In Vietnam, the author has a wide range of adventures as he bicycles his way up the country. I was startled by the similarity between what he reports and life in Bangladesh. Some examples:

Arrival: As his flight approaches Ho Chi Minh City, the Vietnamese passengers behave just like Bangladeshis do when their flight approaches Dhaka. They grab their overhead luggages, scurry up the aisle into seats closer to the exit and, as a group, stand up as soon as the plane lands and taxis. The flight attendants shout and scream at them to sit and fasten seat belts. Hmmm. Doesn't this happen on every international flight into Dhaka?

Line in airport: Everyone tries to go over everyone else in the immigration queue at HCMC. We are a little better, but I still see people at ZIA jumping queues shamelessly.

Traffic: In HCMC "Nobody gives way to anybody. Everyone just angles, points, dives directly towards his destination, pretending it is an all-or-nothing gamble." Sounds suspiciously like many Dhaka intersections.

Buffering: A technique I use while bicycling in Dhaka traffic - when crossing dangerous intersections always try to go parallel with a car/bicycle/person, keeping them closer to oncoming traffic. Pham describes a similar technique used by motorcycles in HCMC.

Pham describes strings of villages that resemble our villages very closely. "The countryside opens up with an endless patchwork of four- or five-acre farms, the houses hidden among the willowy trees and banana palms.."

And the children: "Mile after mile, children sprout out of the land like weeds. They tag each other town the road to school, sit and play cards right at the edge of the blacktop, paying no mind to the buses roaring by and d spraying them with dirt."

There are of course dissimilarities. The Vietnamese drink much alcohol, becoming rowdy and obnoxious (and turning red). More importantly, they call the overseas Vietnamese Viet Kieu and usually treat them with a mixture of contempt and greed. Compared to this, Bangladeshis treat NRBs much better.
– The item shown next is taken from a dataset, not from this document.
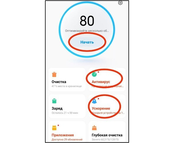 Рисунок 13 – «Антивирус» и очистка устройства
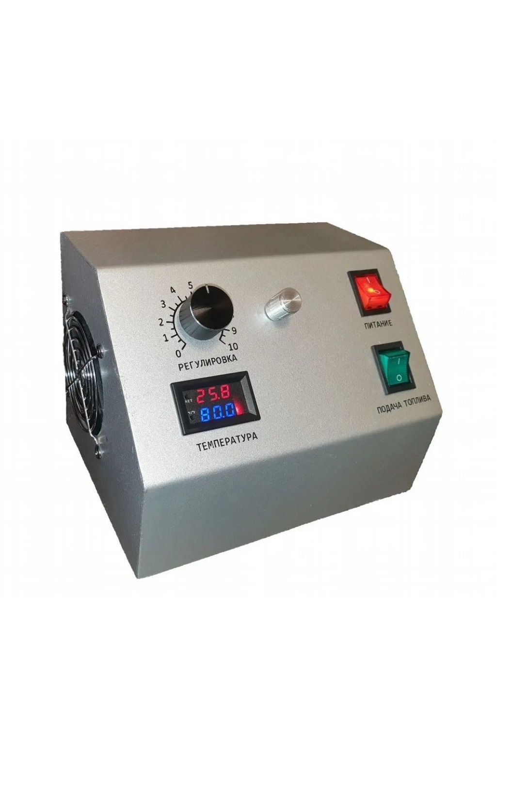 Подача топлива осуществляется электрическим топливным насосом. Регулировка параметров работы ведётся с блока управления, на который выведен датчик температуры, ручка регулировки подачей топлива, кнопка включения топливного насоса.

The Vietnamese carry deep scars from the war, which may contribute to their treatment of Viet Kieu. They try to cheat the author many times, including overcharging him for hotel rooms, food, even medicines when he is sick.

It is not clear what year Pham went on his trip. It was sometime between 1991 and 1999 - I am guessing 95 or 96.

The book is really more about Andrew Pham than about Vietnam. It moves fast and is chockfull of anecdotes and stories from the road, as well as painful family history. I have to say, though, the book paints an unflattering portrait of Vietnam and her people. I imagine things have improved a lot in the intervening years, because today's travellers to Vietnam (including several Bangladeshis I know) sing her praises. Could it be that in ten years, Bangladesh will be where Vietnam is today?